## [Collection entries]
____
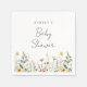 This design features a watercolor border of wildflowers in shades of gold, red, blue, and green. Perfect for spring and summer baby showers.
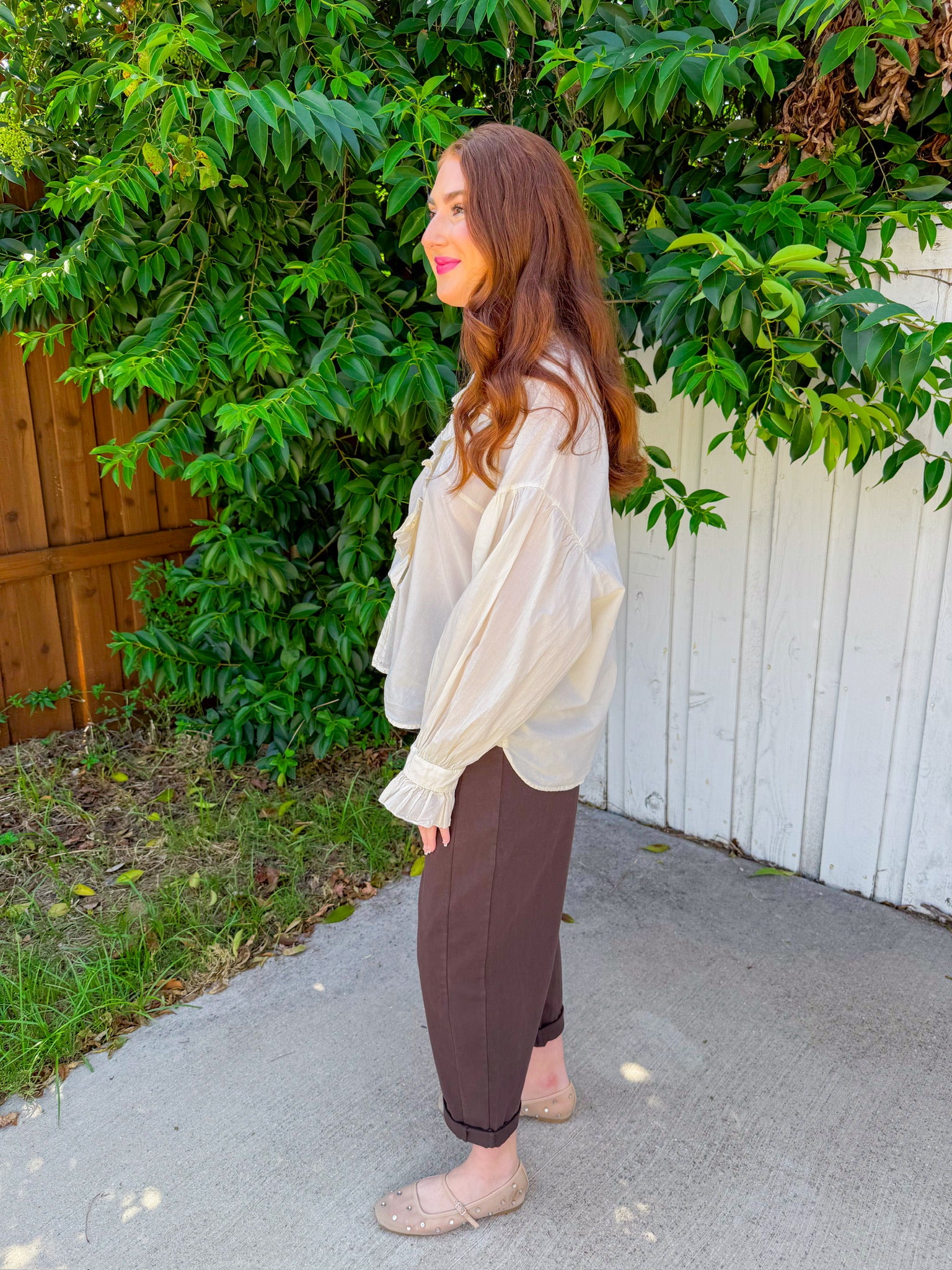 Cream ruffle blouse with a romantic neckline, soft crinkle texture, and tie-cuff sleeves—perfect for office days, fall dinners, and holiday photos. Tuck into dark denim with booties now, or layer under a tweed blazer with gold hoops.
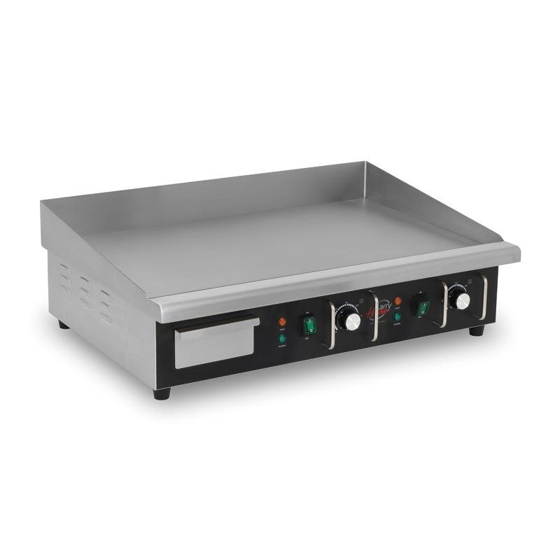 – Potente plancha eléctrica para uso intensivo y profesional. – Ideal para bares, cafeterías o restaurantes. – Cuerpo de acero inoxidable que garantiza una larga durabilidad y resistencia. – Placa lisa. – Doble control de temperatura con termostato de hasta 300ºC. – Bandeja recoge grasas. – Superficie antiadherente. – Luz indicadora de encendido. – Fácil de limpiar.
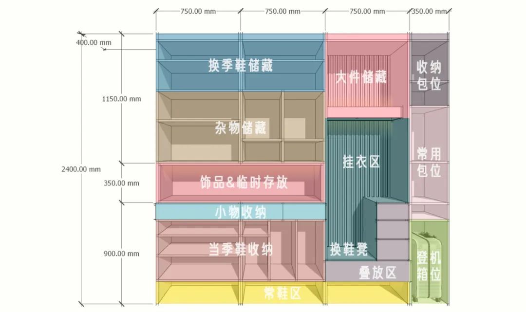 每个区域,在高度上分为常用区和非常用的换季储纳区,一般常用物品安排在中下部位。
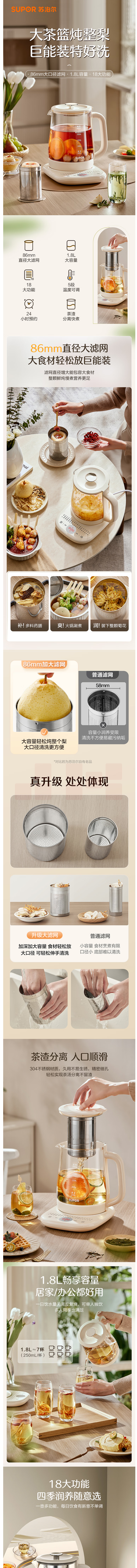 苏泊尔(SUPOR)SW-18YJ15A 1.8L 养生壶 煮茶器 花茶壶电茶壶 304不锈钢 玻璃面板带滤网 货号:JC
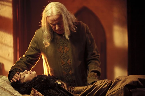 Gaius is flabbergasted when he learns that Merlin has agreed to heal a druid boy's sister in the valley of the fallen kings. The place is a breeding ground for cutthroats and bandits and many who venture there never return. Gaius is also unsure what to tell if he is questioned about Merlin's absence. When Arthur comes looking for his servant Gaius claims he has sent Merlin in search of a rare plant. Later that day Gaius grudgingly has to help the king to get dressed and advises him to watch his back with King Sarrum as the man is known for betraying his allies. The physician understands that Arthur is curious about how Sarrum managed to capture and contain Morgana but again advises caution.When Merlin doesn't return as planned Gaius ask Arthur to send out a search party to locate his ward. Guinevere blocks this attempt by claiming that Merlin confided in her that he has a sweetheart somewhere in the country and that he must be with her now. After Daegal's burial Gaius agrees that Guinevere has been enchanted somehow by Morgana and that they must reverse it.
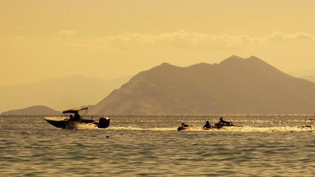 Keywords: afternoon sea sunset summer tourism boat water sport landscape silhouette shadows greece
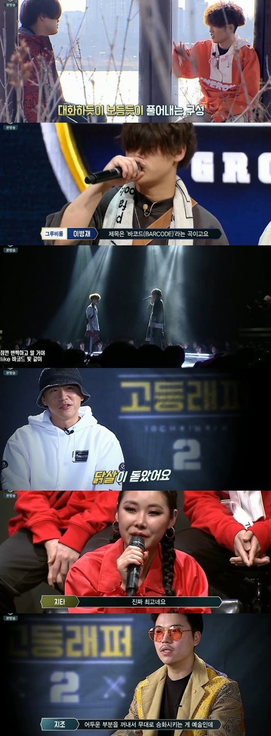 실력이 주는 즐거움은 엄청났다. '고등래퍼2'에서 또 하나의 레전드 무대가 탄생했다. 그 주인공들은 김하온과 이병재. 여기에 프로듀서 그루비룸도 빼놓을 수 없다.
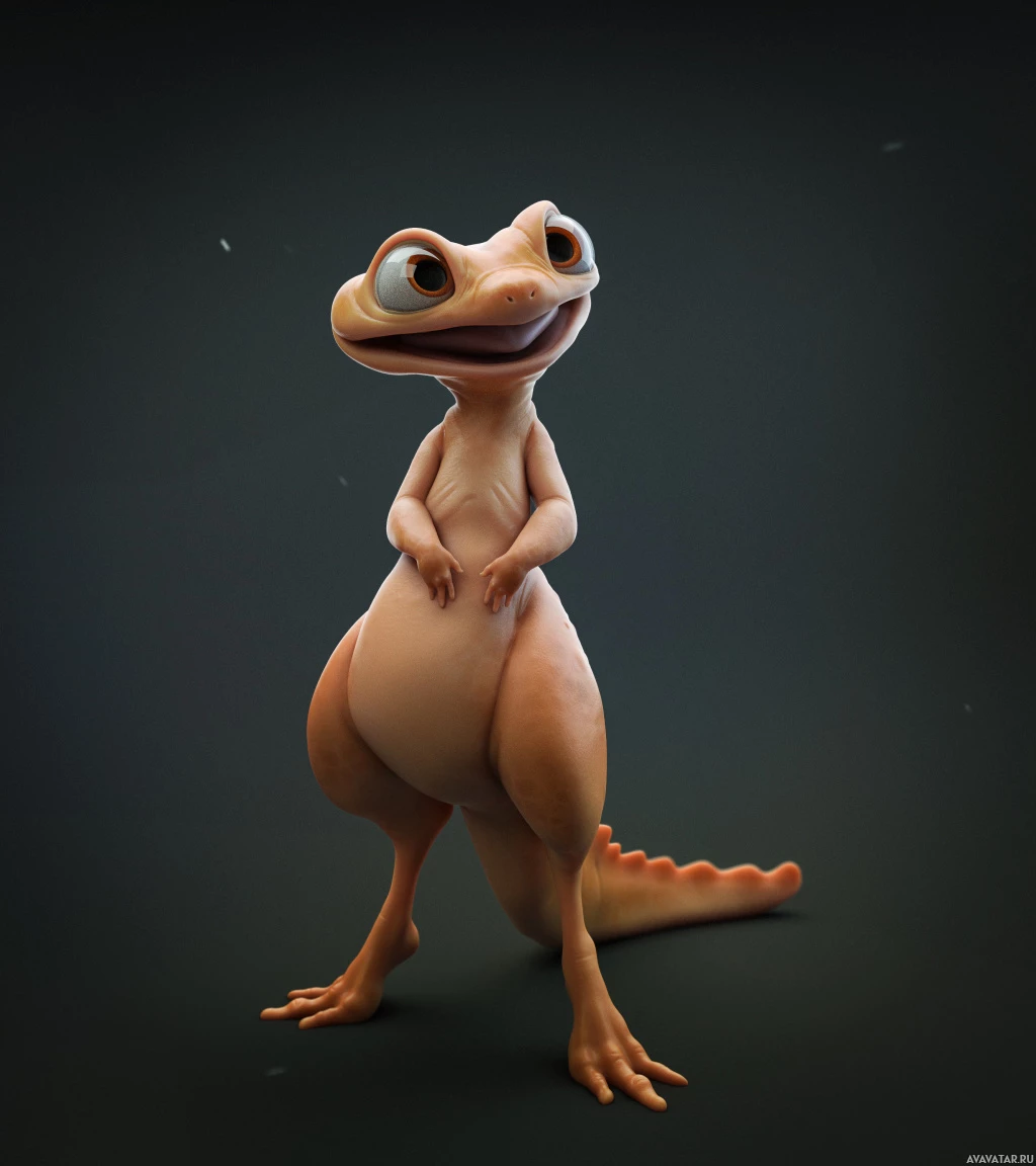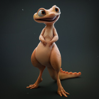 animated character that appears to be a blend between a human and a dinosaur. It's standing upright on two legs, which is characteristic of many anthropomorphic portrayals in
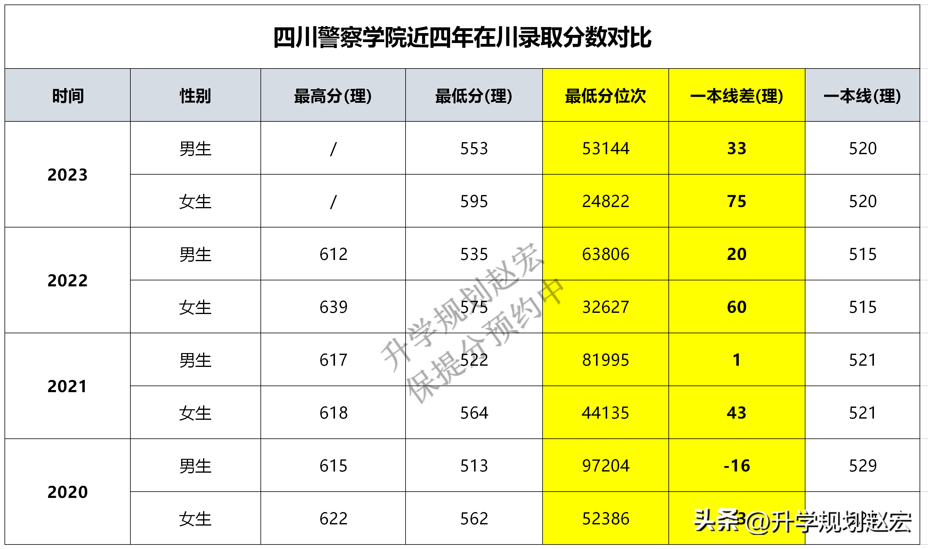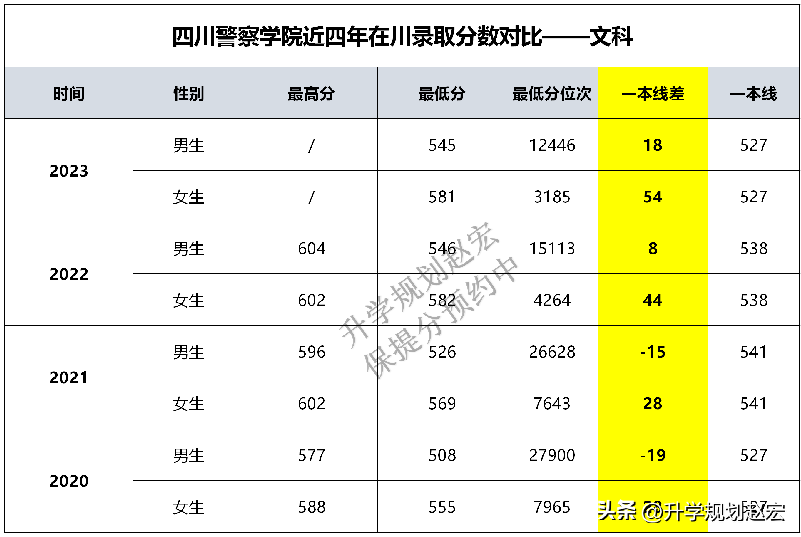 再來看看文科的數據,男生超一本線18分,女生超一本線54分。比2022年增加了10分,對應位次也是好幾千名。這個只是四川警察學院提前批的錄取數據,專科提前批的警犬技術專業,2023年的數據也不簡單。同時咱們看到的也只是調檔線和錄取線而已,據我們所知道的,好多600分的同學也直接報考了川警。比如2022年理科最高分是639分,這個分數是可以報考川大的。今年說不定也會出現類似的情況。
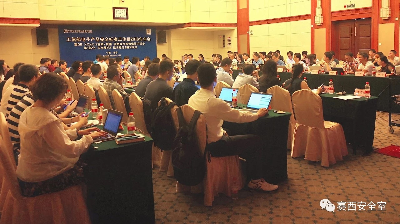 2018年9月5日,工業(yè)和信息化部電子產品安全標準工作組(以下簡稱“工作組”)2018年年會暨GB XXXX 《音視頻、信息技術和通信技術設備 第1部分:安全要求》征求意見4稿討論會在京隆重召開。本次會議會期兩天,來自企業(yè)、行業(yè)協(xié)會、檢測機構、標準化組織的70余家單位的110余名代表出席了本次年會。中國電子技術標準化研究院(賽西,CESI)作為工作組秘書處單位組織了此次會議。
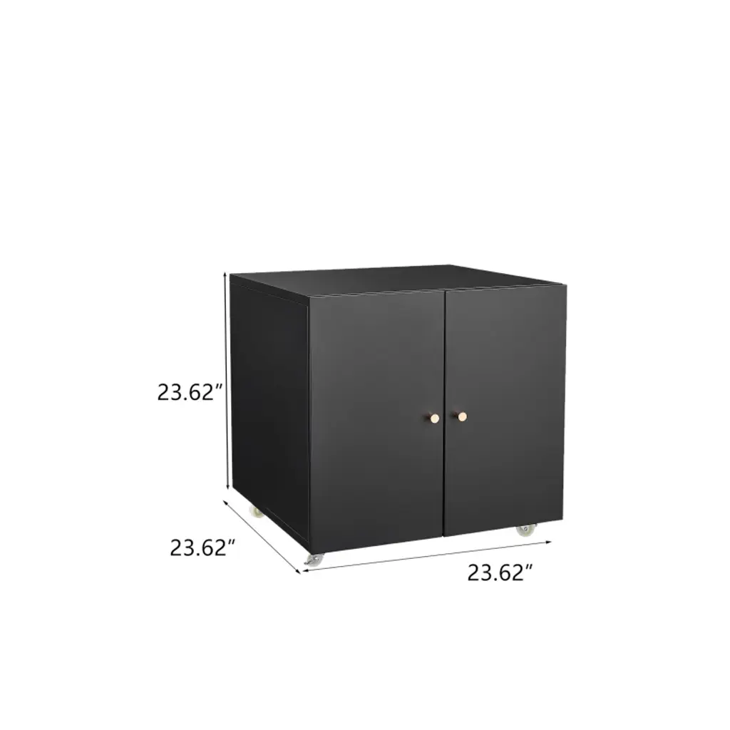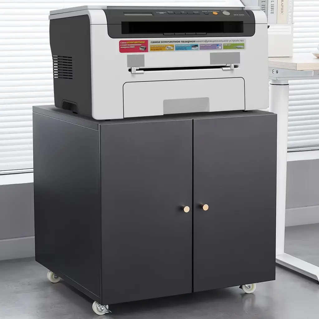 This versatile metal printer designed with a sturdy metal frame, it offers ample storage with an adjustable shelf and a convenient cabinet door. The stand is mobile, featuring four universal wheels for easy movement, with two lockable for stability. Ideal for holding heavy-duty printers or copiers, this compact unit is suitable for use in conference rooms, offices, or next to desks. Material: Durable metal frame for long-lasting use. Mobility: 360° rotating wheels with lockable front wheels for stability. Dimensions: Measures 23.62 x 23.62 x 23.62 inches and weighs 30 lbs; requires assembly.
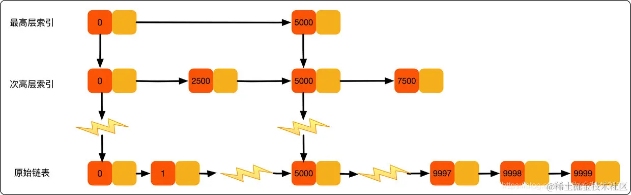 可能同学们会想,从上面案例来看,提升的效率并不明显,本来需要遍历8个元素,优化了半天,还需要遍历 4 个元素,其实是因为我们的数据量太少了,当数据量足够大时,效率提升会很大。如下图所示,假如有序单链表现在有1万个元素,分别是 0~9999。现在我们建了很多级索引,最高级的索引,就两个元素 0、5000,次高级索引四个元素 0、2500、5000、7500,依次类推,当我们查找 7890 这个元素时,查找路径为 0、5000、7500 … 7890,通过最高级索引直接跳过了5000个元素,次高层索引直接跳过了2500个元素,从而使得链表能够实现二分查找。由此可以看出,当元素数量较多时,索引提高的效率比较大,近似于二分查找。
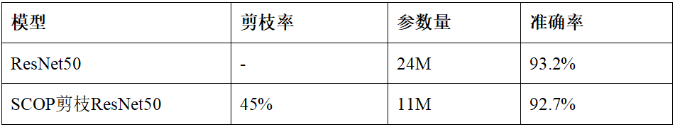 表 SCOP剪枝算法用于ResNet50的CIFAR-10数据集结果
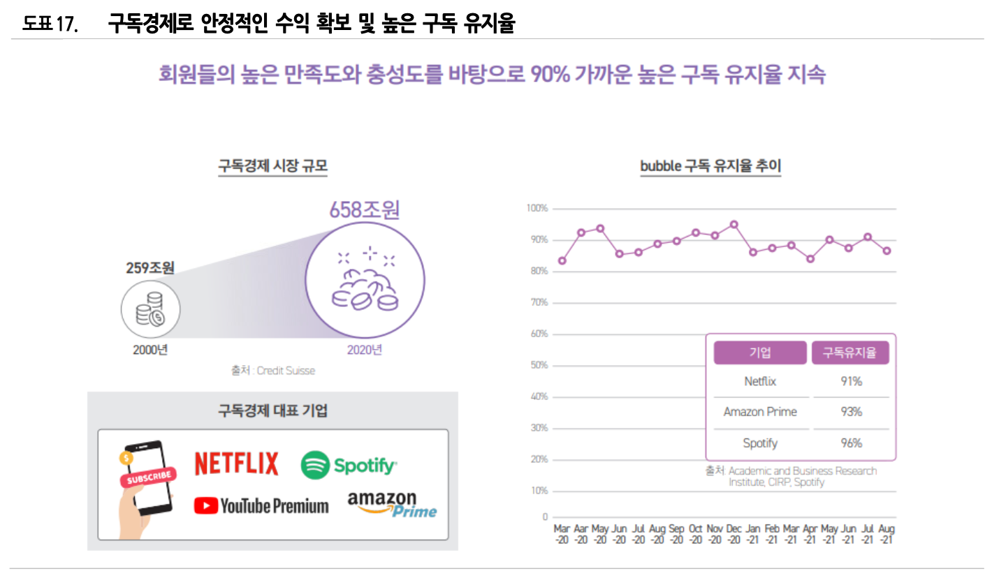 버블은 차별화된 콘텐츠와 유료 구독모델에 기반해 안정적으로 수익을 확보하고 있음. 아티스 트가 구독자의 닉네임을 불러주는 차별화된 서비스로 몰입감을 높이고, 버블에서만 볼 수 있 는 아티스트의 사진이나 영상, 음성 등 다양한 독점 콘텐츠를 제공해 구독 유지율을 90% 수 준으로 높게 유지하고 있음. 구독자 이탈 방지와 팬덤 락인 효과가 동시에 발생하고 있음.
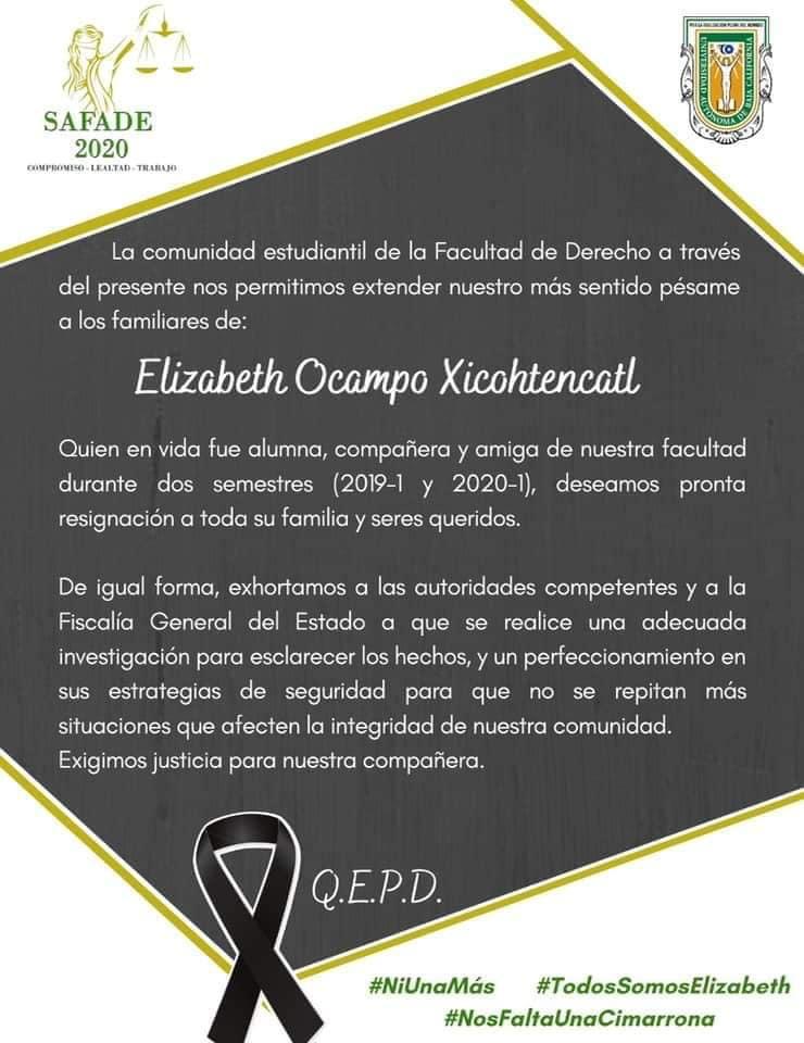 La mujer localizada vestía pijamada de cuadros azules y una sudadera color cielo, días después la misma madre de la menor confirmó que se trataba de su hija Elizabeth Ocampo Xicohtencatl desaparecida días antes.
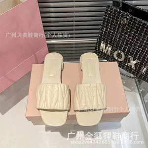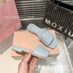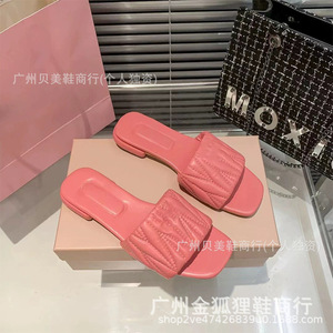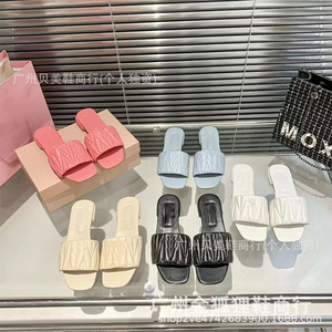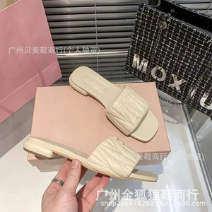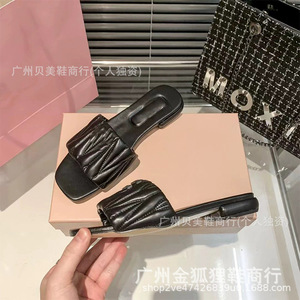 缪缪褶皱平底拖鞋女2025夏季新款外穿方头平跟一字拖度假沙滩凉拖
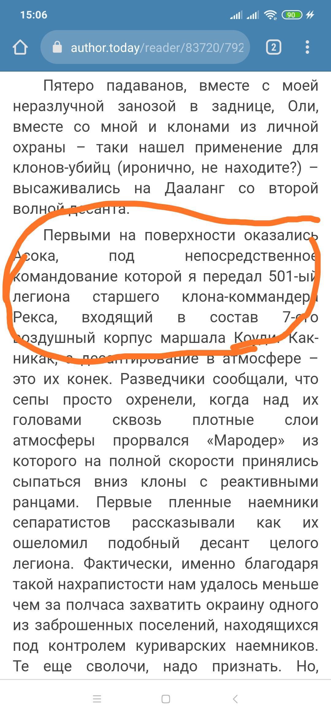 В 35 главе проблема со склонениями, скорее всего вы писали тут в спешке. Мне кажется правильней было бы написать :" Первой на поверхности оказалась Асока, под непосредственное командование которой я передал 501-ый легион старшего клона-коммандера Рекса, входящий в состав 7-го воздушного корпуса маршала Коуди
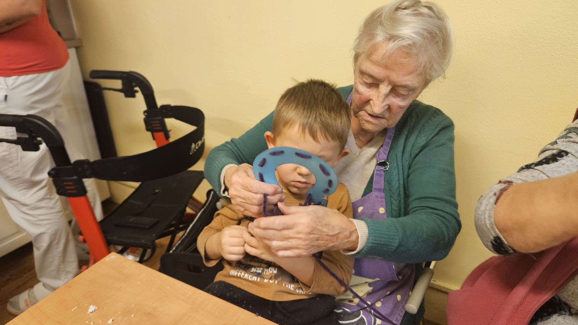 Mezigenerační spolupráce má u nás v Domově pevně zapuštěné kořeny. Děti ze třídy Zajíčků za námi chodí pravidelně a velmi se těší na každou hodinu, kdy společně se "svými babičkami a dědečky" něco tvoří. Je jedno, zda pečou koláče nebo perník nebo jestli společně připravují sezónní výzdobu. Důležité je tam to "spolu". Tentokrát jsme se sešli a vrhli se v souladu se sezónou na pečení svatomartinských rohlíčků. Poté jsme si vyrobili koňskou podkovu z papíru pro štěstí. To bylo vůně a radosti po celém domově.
____
## [Work task]
Exactly the lines above, from the one containing "Fácil de limpiar." down to the one containing "animated character that", are to be repeated, including both ends. Pictures are not part of the copy.

## [Completed exercise]
 – Potente plancha eléctrica para uso intensivo y profesional. – Ideal para bares, cafeterías o restaurantes. – Cuerpo de acero inoxidable que garantiza una larga durabilidad y resistencia. – Placa lisa. – Doble control de temperatura con termostato de hasta 300ºC. – Bandeja recoge grasas. – Superficie antiadherente. – Luz indicadora de encendido. – Fácil de limpiar.
 每个区域,在高度上分为常用区和非常用的换季储纳区,一般常用物品安排在中下部位。
 苏泊尔(SUPOR)SW-18YJ15A 1.8L 养生壶 煮茶器 花茶壶电茶壶 304不锈钢 玻璃面板带滤网 货号:JC
 Gaius is flabbergasted when he learns that Merlin has agreed to heal a druid boy's sister in the valley of the fallen kings. The place is a breeding ground for cutthroats and bandits and many who venture there never return. Gaius is also unsure what to tell if he is questioned about Merlin's absence. When Arthur comes looking for his servant Gaius claims he has sent Merlin in search of a rare plant. Later that day Gaius grudgingly has to help the king to get dressed and advises him to watch his back with King Sarrum as the man is known for betraying his allies. The physician understands that Arthur is curious about how Sarrum managed to capture and contain Morgana but again advises caution.When Merlin doesn't return as planned Gaius ask Arthur to send out a search party to locate his ward. Guinevere blocks this attempt by claiming that Merlin confided in her that he has a sweetheart somewhere in the country and that he must be with her now. After Daegal's burial Gaius agrees that Guinevere has been enchanted somehow by Morgana and that they must reverse it.
 Keywords: afternoon sea sunset summer tourism boat water sport landscape silhouette shadows greece
 실력이 주는 즐거움은 엄청났다. '고등래퍼2'에서 또 하나의 레전드 무대가 탄생했다. 그 주인공들은 김하온과 이병재. 여기에 프로듀서 그루비룸도 빼놓을 수 없다.
 animated character that appears to be a blend between a human and a dinosaur. It's standing upright on two legs, which is characteristic of many anthropomorphic portrayals in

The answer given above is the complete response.